** Opening SUPPLIED DATA block **
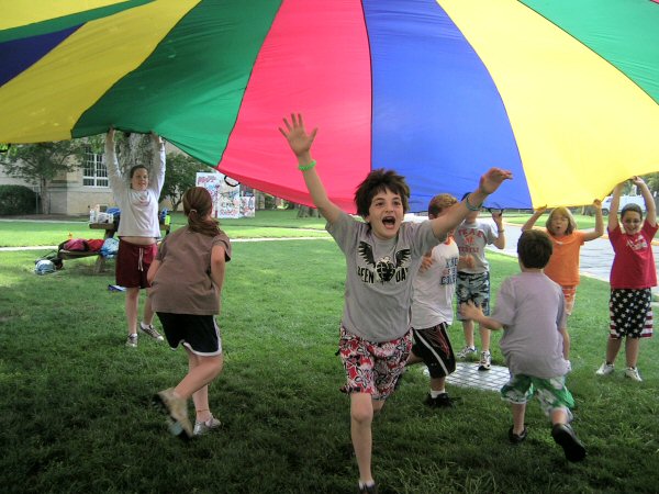 skeptical of a game entitled "Parachute Games", but after they try it,
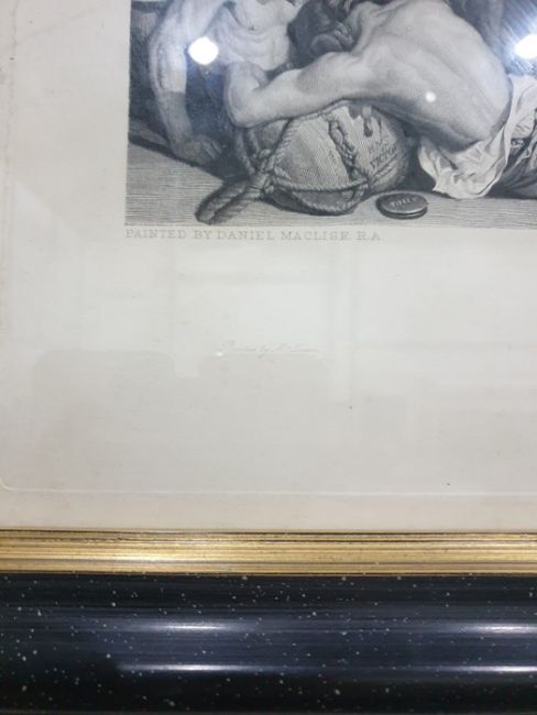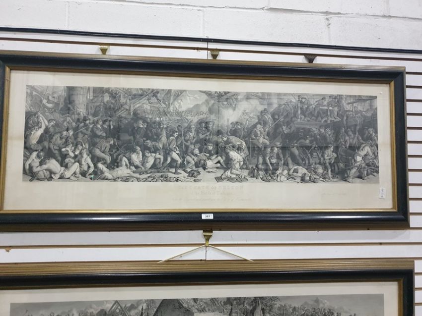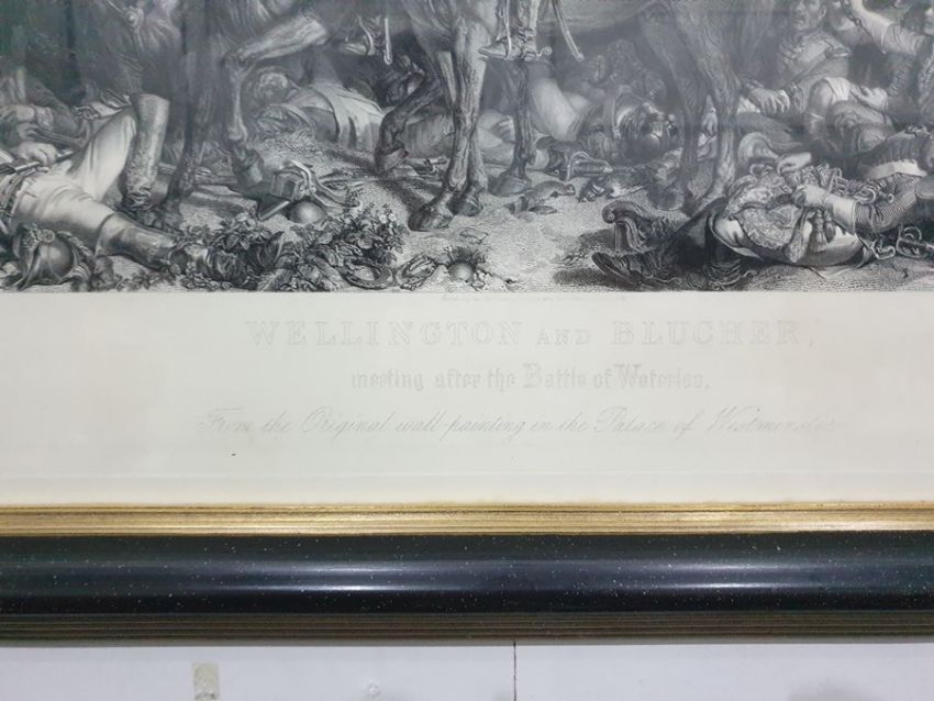 Pair engravings by Lumbstocks and Charles Sharp "The death of Nelson" and "Wellington and Blucher" each 39 x 120cm approx (Art Union of London 1875)
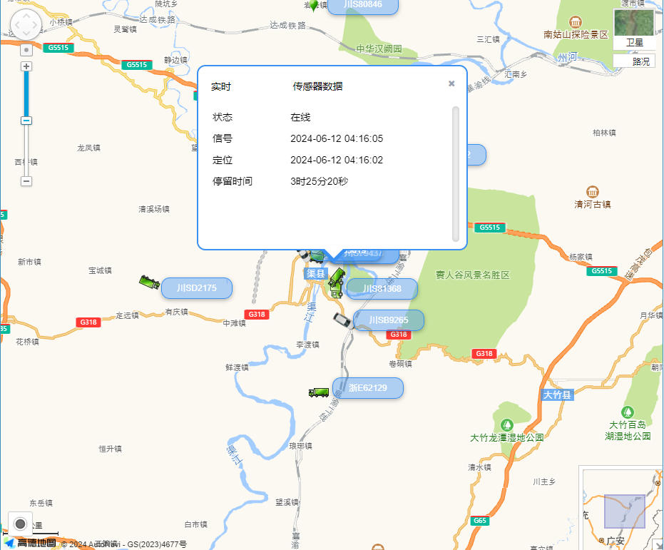 在左侧设备树面板中点选设备或直接在地图监控界面中点选位置图标,都可以触发显示设备状态浮动框。
** Closing SUPPLIED DATA block **
Omit every picture, then reproduce the rest of the listing exactly.

 skeptical of a game entitled "Parachute Games", but after they try it,
 Pair engravings by Lumbstocks and Charles Sharp "The death of Nelson" and "Wellington and Blucher" each 39 x 120cm approx (Art Union of London 1875)
 在左侧设备树面板中点选设备或直接在地图监控界面中点选位置图标,都可以触发显示设备状态浮动框。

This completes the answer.